As the movement developed it manifested a growing tension between revolution and reform. Its form was more radical than its content. While the rhetoric of the student leaders focused merely on a return to the status quo, the actions of the youth – the riots, the cars overturned and set on fire, the blockades of roads and railways, and the waves of occupations that shut down high schools and universities – announced the extent of the new generation’s disillusionment and rage. Despite all of this, however, the movement quickly disintegrated when the CPE law was eventually dropped. While the most radical segment of the movement sought to expand the rebellion into a general revolt against capitalism, they could not secure significant support and the demonstrations, occupations, and blockades dwindled and soon died. Ultimately the movement was unable to transcend the limitations of reformism.

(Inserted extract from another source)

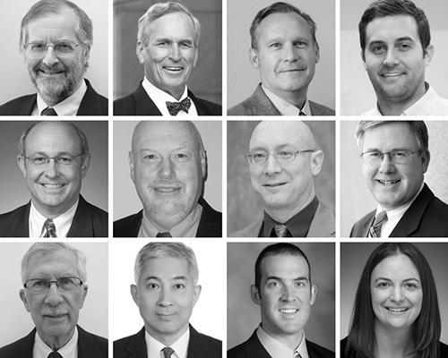 Row one, left to right: Bruce R. Ellingwood, William B. (Brad) Bourne III, Robert J. Connor, Gary S. Prinz; Row two, left to right: Duane K. Miller, Michael A. Grubb, Donald W. White, Thomas A. Sabol; Row three, left to right: LeRoy A. Lutz, Keh-Chyuan Tsai, William N. Collins, Ashley P. Thrall.

The Greek uprising of December 2008 broke through many of these limitations and marked the beginning of a new cycle of class struggle. Initiated by students in response to the murder of an Athens youth by police, the uprising consisted of weeks of rioting, looting, and occupations of universities, union offices, and television stations. Entire financial and shopping districts burned, and what the movement lacked in numbers it made up in its geographical breadth, spreading from city to city to encompass the whole of Greece. As in France it was an uprising of youth, for whom the economic crisis represented a total negation of the future. Students, precarious workers, and immigrants were the protagonists, and they were able to achieve a level of unity that far surpassed the fragile solidarities of the anti-CPE movement.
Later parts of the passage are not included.